Миссис Фэйрфакс снова отвела свой взгляд в сторону. Видимо, воспоминания о подруге оставались тем самым тяжелым камнем, который все еще лежал у нее на душе.
- Алена Михайловна! - Полина вся покраснела, но все же попыталась перебороть, преодолеть свое смущение словами. – Право, не знаю, смогу ли я заменить Вам ту девушку... которую Вы тогда потеряли. Но я... попробую быть с Вами!
- Какое благородство! – странно, но в голосе хозяйки Полине была слышна сейчас лишь горькая ирония, почти на грани отчаяния. Однако девушка вовсе не понимала ее причин.
Между тем, миссис Фэйрфакс отпустила ее руки, выпрямила спину и прикрыла веки. Полина залюбовалась ее утонченным изящным профилем.
Вот только... Слеза, что застыла на ее щеке...
- Матушка-барыня! – взмолилась Полина. – Да чем же я Вас обидела-то?
Миссис Фэйрфакс с какой-то грустной усмешкой покачала головою. Открыв глаза, она посмотрела на свою компаньонку взглядом, полным нежности и печали.
- Несчастное дитя! – прошептала она. – Ты готова принести себя в жертву похоти страшной и омерзительно нечестивой извращенки, на годы отказаться от мужчин ради ее противоестественных наслаждений...
- Я просто хочу, чтобы Вам было хорошо, - ответила Полина. – Простите, я, конечно, вовсе не знаю, приятны ли будут Вам мои ласки. Но я готова...
Она смущенно улыбнулась и замолчала. Миссис Фэйрфакс покачала головою и грустно усмехнулась.
- Все-таки, неудобно строить из себя благородную даму, - заметила она. – Этот мой образ, почти изысканный и в чем-то даже романтичный, совершенно не позволяет мне воспользоваться опрометчивостью одной воистину благородной девочки, которая по злобной иронии судьбы числится моей рабой. Девочки, которой я попросту могу приказать сделать все, что я от нее только пожелаю. А она ведь, оказывается, еще и сама готова добровольно отдать свое тело для моих интимных развлечений.

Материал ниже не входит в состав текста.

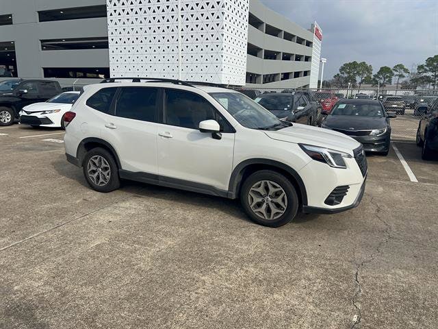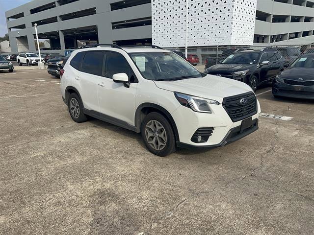 Experience the versatility and reliability of this White 2022 Subaru Forester AWD Premium 4dr Crossover. Equipped with Subaru's renowned Symmetrical All-Wheel Drive and a fuel-efficient 2.5L H4 engine, this Forester is ready for all weather and road conditions. Enjoy top safety features including Front Automatic Emergency Braking, Pedestrian Detection, Lane Centering, Adaptive Cruise Control, and Blind Spot Detection with Rear Cross Traffic Alert. Stay connected with Apple CarPlay, Android Auto, Bluetooth, and STARLINK infotainment on a crisp 6.5-inch touchscreen. Comfort comes standard with heated front seats, a power panoramic moonroof, power rear gate, and dual-zone automatic climate control. Additional highlights include a rearview camera with washer, power driver's seat with lumbar support, reclining rear seats, and ample cargo space with split folding rear seats and a retractable cargo cover. This Forester blends advanced tech, safety, and everyday practicality for your next adventure. Schedule your test drive today!

- Я отдала Вам мою душу, - напомнила Полина их вчерашний разговор.
- И это исключает для меня возможность применять к тебе насилие и обман, - возразила молодая женщина. – Я не вправе подличать и причинять тебе хоть какое-то зло. Я не могу обмануть твое доверие. И я не вправе вводить тебя в заблуждение многозначительными недомолвками.
- Что Вы имеете в виду? – Полина почувствовала, что ей сейчас выскажут нечто еще более жесткое, чем известие о странных интимных предпочтениях ее хозяйки.
И она не ошиблась.
- Те розги, которые вымачиваются в той самой напольной вазе, что стоит у меня там, в малой библиотеке... и та роскошная скамья красного дерева... В общем, они предназначались совсем не для Дуняши. И вообще, все это было собрано там вовсе не для устрашения прислуги, - почти спокойным голосом заявила ее жестокая госпожа. – Это все изначально было приготовлено исключительно для тебя одной. И когда нынче ночью ты явилась спасать меня от неведомой тебе беды, я всего-навсего грезила о том, как хлестала тебя до слез, до крика... А после ласкала твое высеченное тело, обладая тобою. Вот так вот. Да, милая моя Полина, я желала и желаю обладать тобою именно так, жестоко и омерзительно.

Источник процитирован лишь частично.